No change to generate-llm-docs.py, the schemas, or the validator is needed for a routine new function: a new .rst automatically yields a new man page, a per-symbol Markdown page, and a JSONL catalog record.

Open MPI extensions (MPIX_*, OMPI_*) are not in pympistandard, so their signatures are taken verbatim from the RST SYNTAX block and their structured parameter fields are best-effort (unknown where they cannot be extracted reliably). The catalog’s kind field lets consumers tell standard records from extension records.

Upgrading the MPI Standard metadata (for example, replacing the 4.1 apis.json with a 5.0 one): update docs/mpi-standard-apis.json (it is a symlink to the versioned mpi-standard-<ver>-apis.json). Note that load_pympistandard calls use_api_version(1, ...) — the 1 is pympistandard’s data-format version, not the MPI version. A new MPI metadata file is only loadable if the vendored 3rd-party/pympistandard can parse that format; if the MPI Forum bumped the JSON format, update the vendored library in lockstep and smoke-test that the new JSON loads.

Coverage gaps are currently silent. There is no check that flags a procedure present in the metadata but missing a man page (or vice versa); such a procedure is simply absent from the artifacts. (The spec envisions a lightweight CI “drift hint” for this; it is not yet implemented.) When adding a batch of new functions, cross-check that every intended function actually has an MPI_*.3.rst page.

Curated docs and samples. The generated artifacts cannot drift, but the curated docs/llms-src/ files (interface guide, examples, and runtime-introspection guide) can. A pull request that changes public MPI documentation should also update the affected curated files when relevant — for example, the runtime-introspection guide if the ompi_info interface or the MCA parameter-setting conventions change (this expectation is also recorded in the top-level AGENTS.md). When the curated examples or a schema change, regenerate specs/llms-friendly-docs/sample-records.jsonl so make check continues to pass.

13.13.11. Verifying publication

After a merge that affects the artifacts, confirm Read the Docs published them for the version you merged to: fetch that version’s llms.txt (for example https://docs.open-mpi.org/en/main/llms.txt for the main branch) and one versioned artifact (for example the manifest, .../en/<version>/llms/openmpi-docs-manifest.json) and confirm they resolve and parse. Because the version-neutral https://docs.open-mpi.org/llms.txt follows Read the Docs’ default version — which may not be the version you just merged — always spot-check the specific version slug you published.

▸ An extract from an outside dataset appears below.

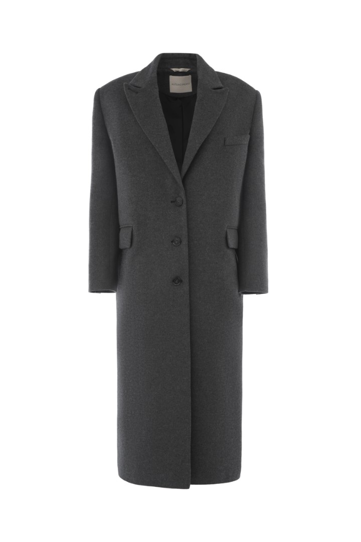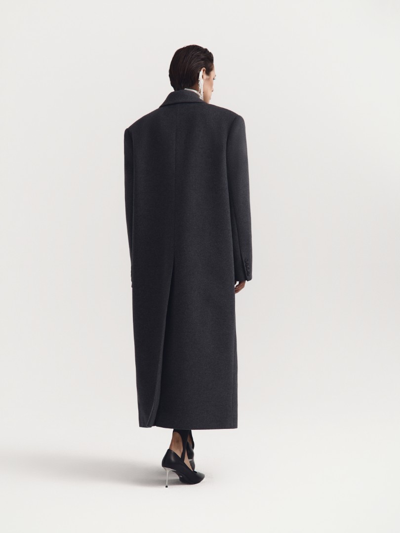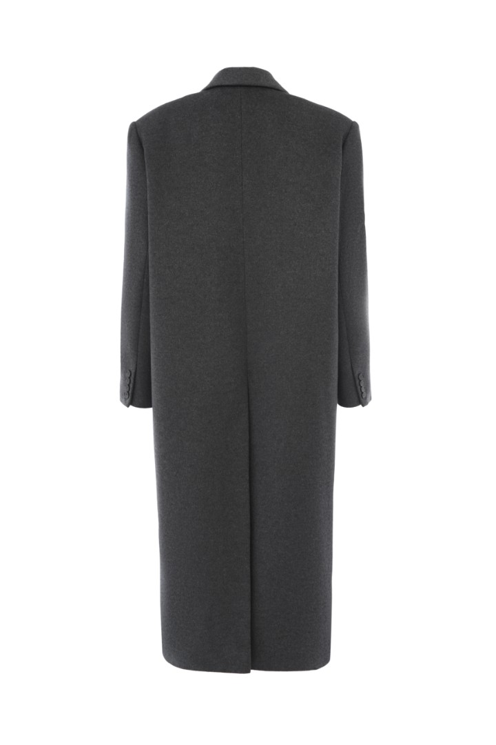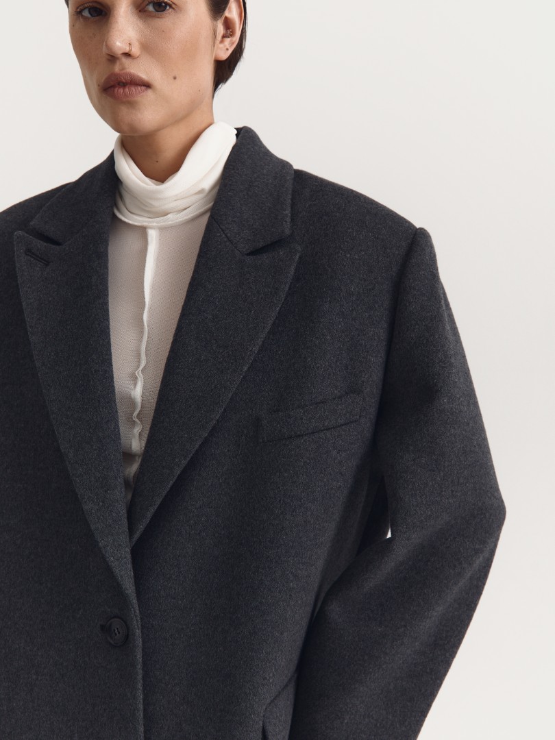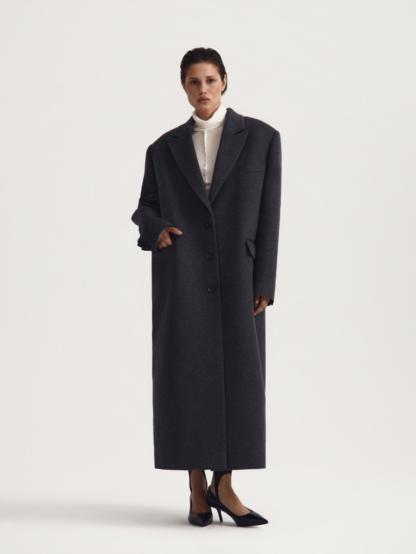 Классическое однобортное пальто из шерсти и кашемира. Оверсайз крой, объемные подплечники и врезные карманы с широкими клапанами. Плотная ткань хорошо держит форму и создает графичный выверенный силуэт.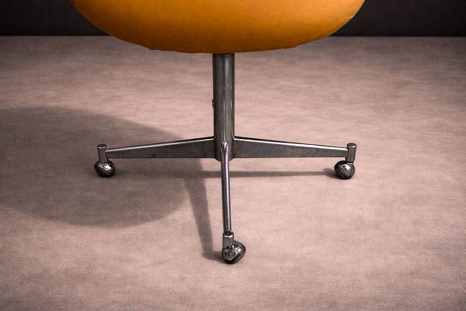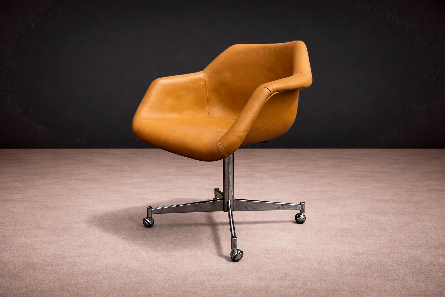 The shell is mounted on a metal swivel base with four splayed arms terminating in casters. The base introduces an industrial counterpoint to the supple leather volume above, a material dialogue characteristic of Brazilian modernism at mid-century. The proportions remain balanced: the grounded horizontality of the seat set against the crisp linearity of the support.

13.13.12. Alternatives considered and deferred

For the historical record (details in specs/llms-friendly-docs/spec.md):

OpenSHMEM public APIs can later reuse this same artifact model, but support is deferred until there is concrete demand; this effort covers MPI only.
An llms-full.txt single-payload entry point, compressed downloadable bundles, and stable redirects for renamed artifacts were each considered and dropped — the aggregate Markdown corpora, the release tarballs plus the manifest, and ad hoc Read the Docs redirects respectively make them unnecessary. The JSON Schema files, by contrast, were promoted into scope as the shared contract/validator.